▼
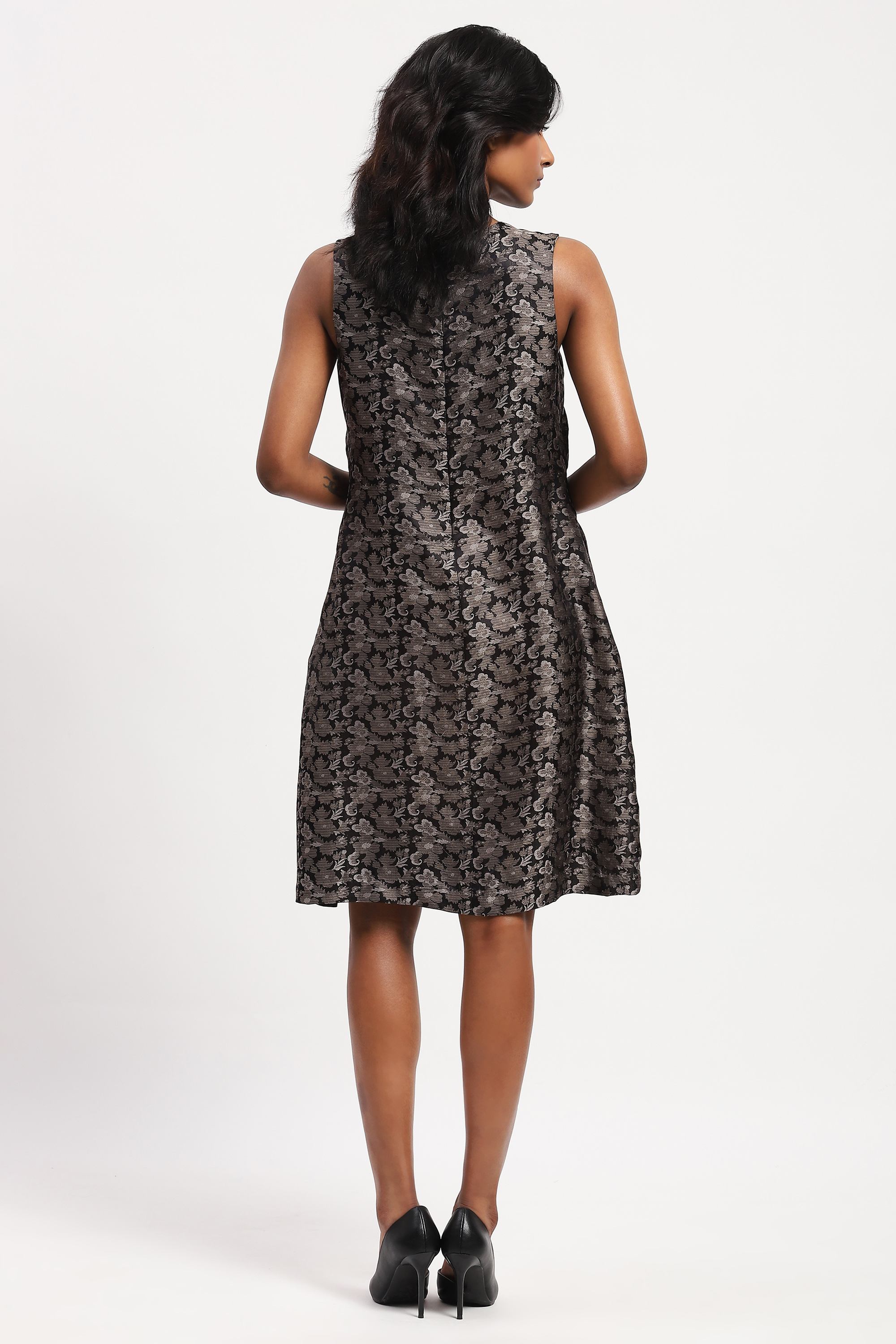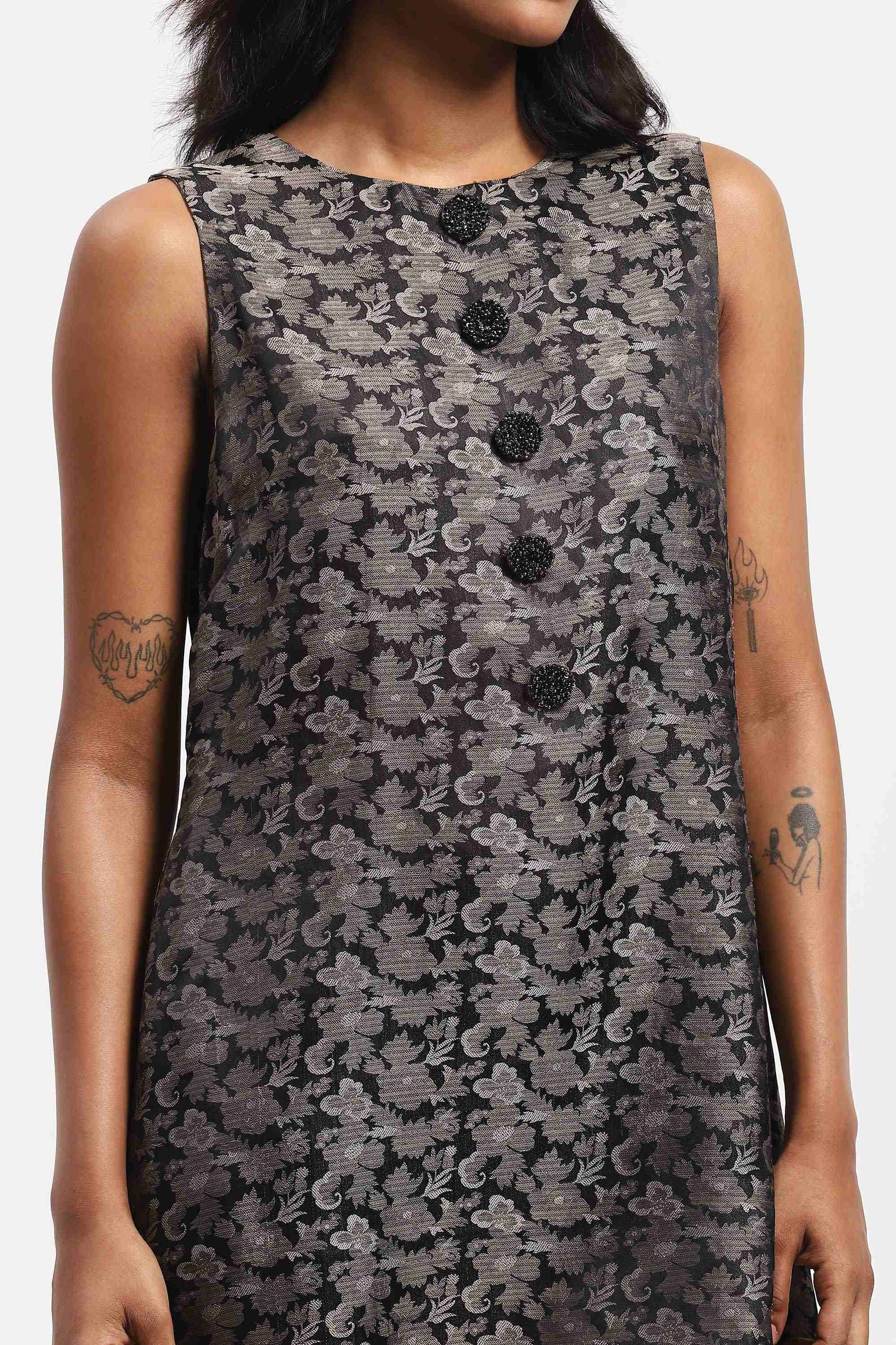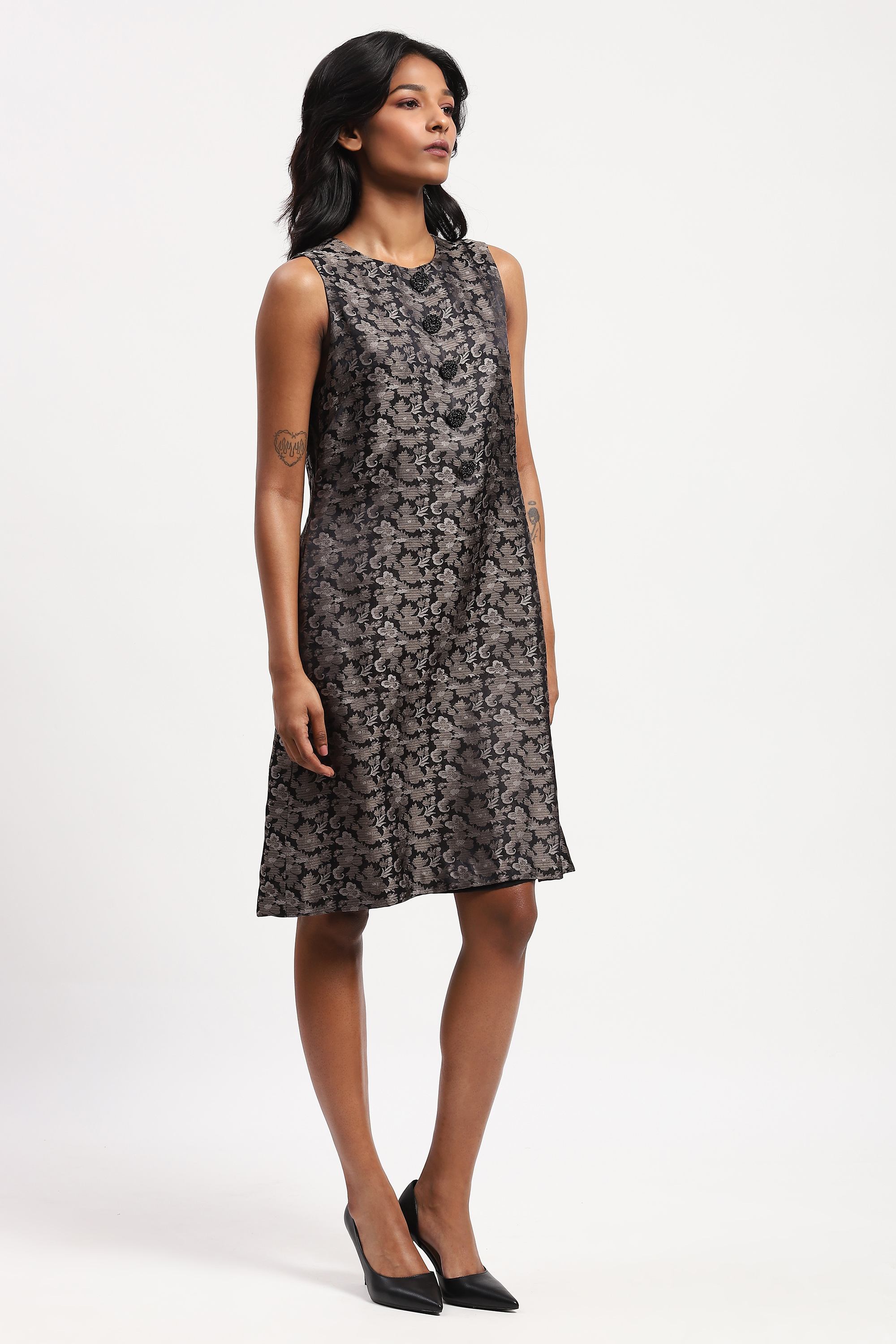 Best paired with an honest song, sung from the heart, this grey dress is crafted in soft and complex tanchoi silk. Its floral motifs are woven into the fabric using a technique similar to brocade.
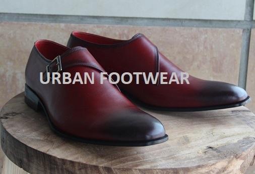 Mens New Handmade Formal Burgundy Black Leather Double Shaded Single Monk Dress
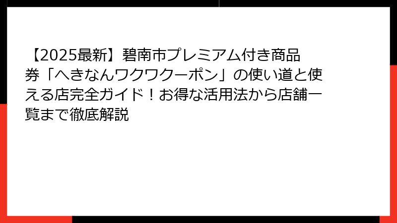 - 碧南市プレミアム付き商品券の使い道:利用方法と条件を徹底解説
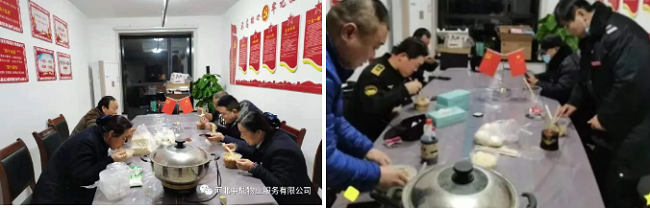 图为中鼎物业工作人员在吃便饭
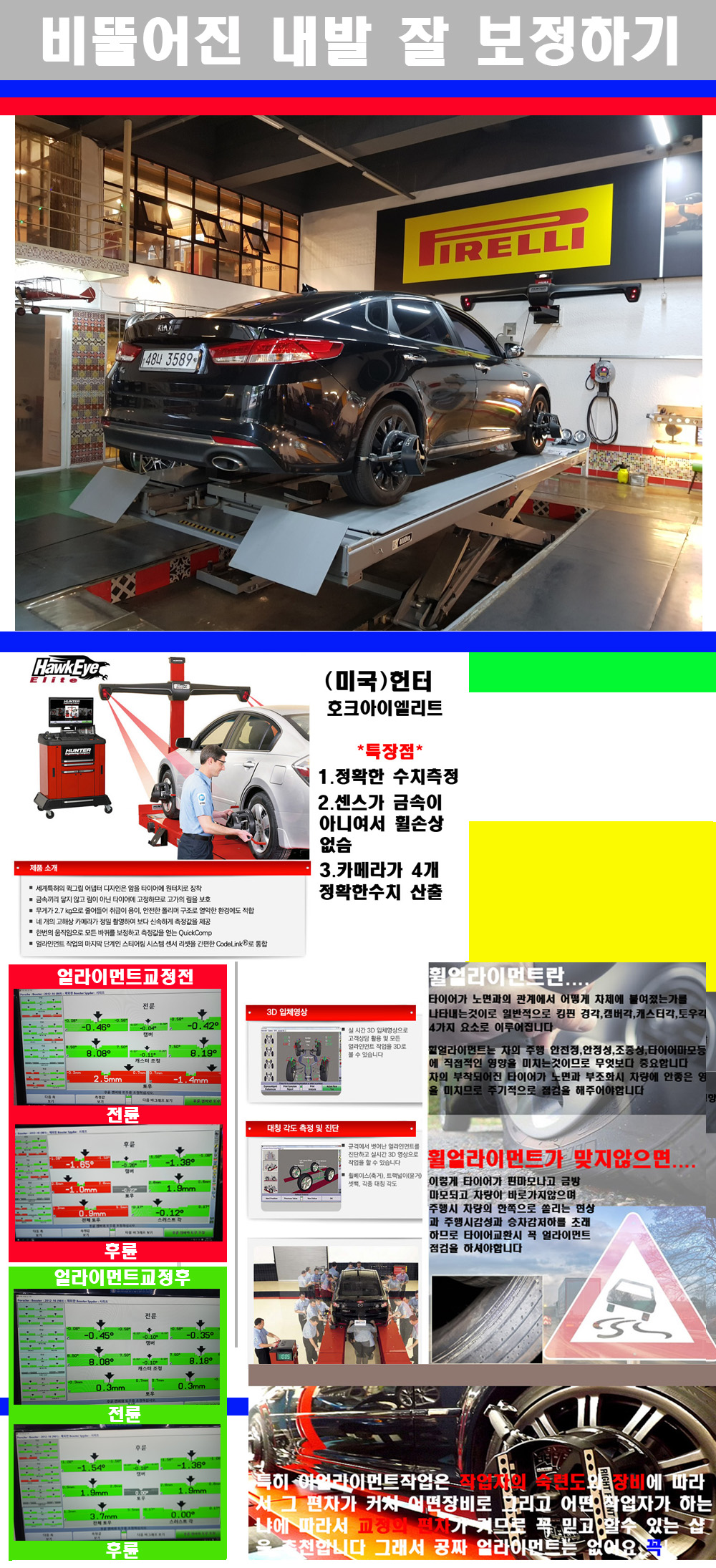 이후 미국 헌터사 호크아이엘리트 장비로 3D얼라이먼트를 진행했습니다
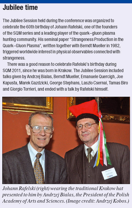 The 13th international conference on Strangeness in Quark Matter (SQM 2011) took place in Krakow on 18–24 September. Organized by the Polish Academy of Arts and Sciences (Polska Akademia Umiejętności, PAU), it attracted more than 160 participants from 20 countries. The emphasis was on new data on the production of strangeness and heavy flavours in heavy-ion and hadronic collisions, in particular the new results from the LHC at CERN and the Relativistic Heavy Ion Collider (RHIC) at Brookhaven. With the new high-quality data on identified particles, SQM 2011 in a sense supplemented the Quark Matter conference that was held in Annecy in May.
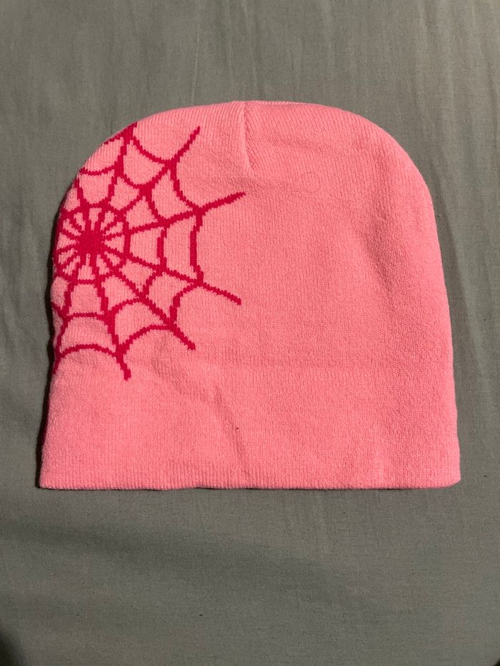 Couleur rose avec logo blanc brodé, finitions propres.
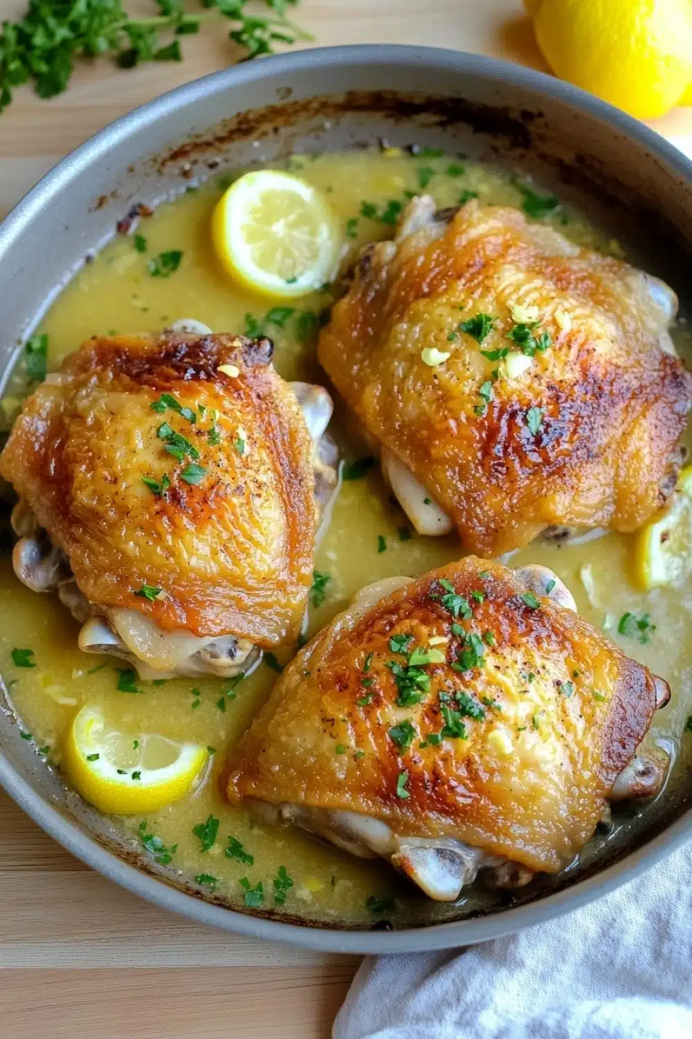Return the chicken thighs to the skillet and spoon the lemon pan sauce over them.
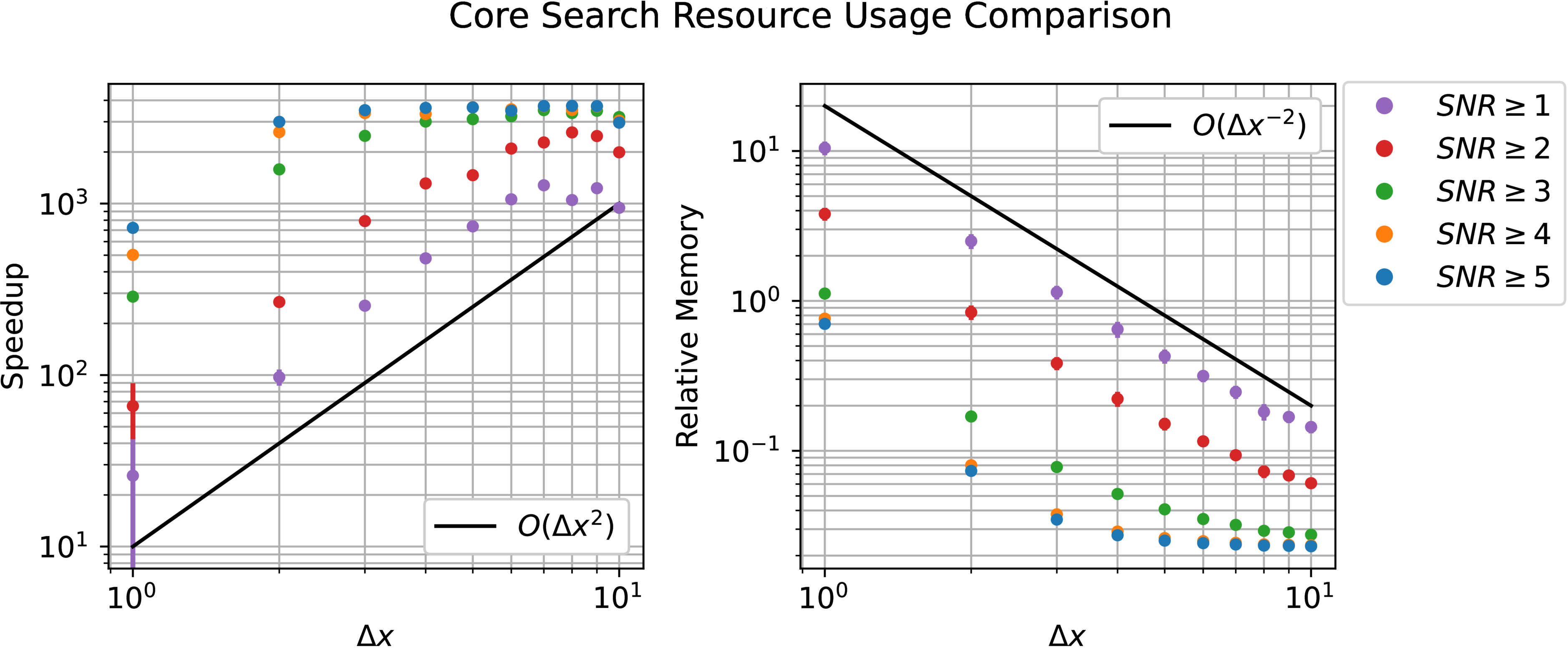 The relative core-search CPU time (speedup) and memory usage of our algorithm compared to an implementation of an image-based shift-and-stack search. The black lines represent the predicted scaling of speedup and memory with Δx2 and Δx−2, respectively.
▲
» Task objective
Output only the lines above from the one containing "图为中鼎物业工作人员在吃便饭" to the one containing "이후 미국 헌터사 호크아이엘리트 장비로 3D얼라이먼트를 진행했습니다", both included, exactly as written and with no pictures.

» Your solution
 图为中鼎物业工作人员在吃便饭
 이후 미국 헌터사 호크아이엘리트 장비로 3D얼라이먼트를 진행했습니다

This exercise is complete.